Hambúrgueres de Couscous de Espelta e Lentilhas em Cama de Couve Lombarda com Beringela no Forno




INGREDIENTES (para 4)


  • 4 folhas de couve lombarda *
  • 1 beringela *
  • 1 taça de lentilhas laranjas *
  • 1 taça de couscous de espelta *
  • 1 cenoura *
  • 1 courgette *
  • 2 dentes de alho *
  • 1 colher de sopa de soyu *
  • 1 colher de sobremesa de gengibre em pó *
  • 1 colher de curcuma *
  • Folhas de coentros *
  • Sumo de meio limão *
  • 1 colher de sobremesa de oregãos *
  • 2 fios de azeite *


* [produtos de origem biológica]



PREPARAÇÃO


  • Corte a beringela em rodelas finas. Disponha sobre uma travessa, Tempere com um fio de azeite e oregãos. Leve ao forno durante aproximadamente 15 minutos, até que fiquem douradas.
  • Disponha 1 taça de couscous de espelta numa saladeira. Leve ao lume 2 taças de água, Deixe ferver.
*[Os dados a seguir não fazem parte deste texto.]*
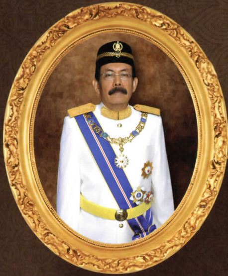
TUAN YANG TERUTAMA TUN DATUK SERI PANGLIMA (DR.) HAJI JUHAR BIN DATUK HAJI MAHIRUDDIN

S.M.N., S.P.D.K., P.G.D.K., P.J.N., A.S.D.K., J.P., Hon. Ph.D(UoW) UK

Adicione a água ao couscous e tape durante 5 minutos. Deixe repousar.
  • Junte um fio de azeite a um tacho. Pique finamente duas cabeças de alho e deixe alourar. Rale a cenoura e corte em pequenos cubos a courgette. Adicione estes dois legumes ao tacho. Junte a curcuma, o gengibre em pó e os coentros picados. Esprema por cima o sumo de meio limão.
  • Leve duas taças de água ao lume. Quando ferver, adicione a folha de couve lombarda para escaldar durante 2 minutos. Retire e adicione a essa mesma água as lentilhas, Deixe cozinhar durante 10 minutos.
  • Adicione ao couscous de espelta os legumes e as lentilhas. Junte uma colher de sopa de soyu, Misture tudo muito bem. Forme pequenos hambúrgueres.
  • Num prato, disponha uma folha de couve lombarda e sobre ela um hambúrguer. Sirva com as rodelas de beringela assada.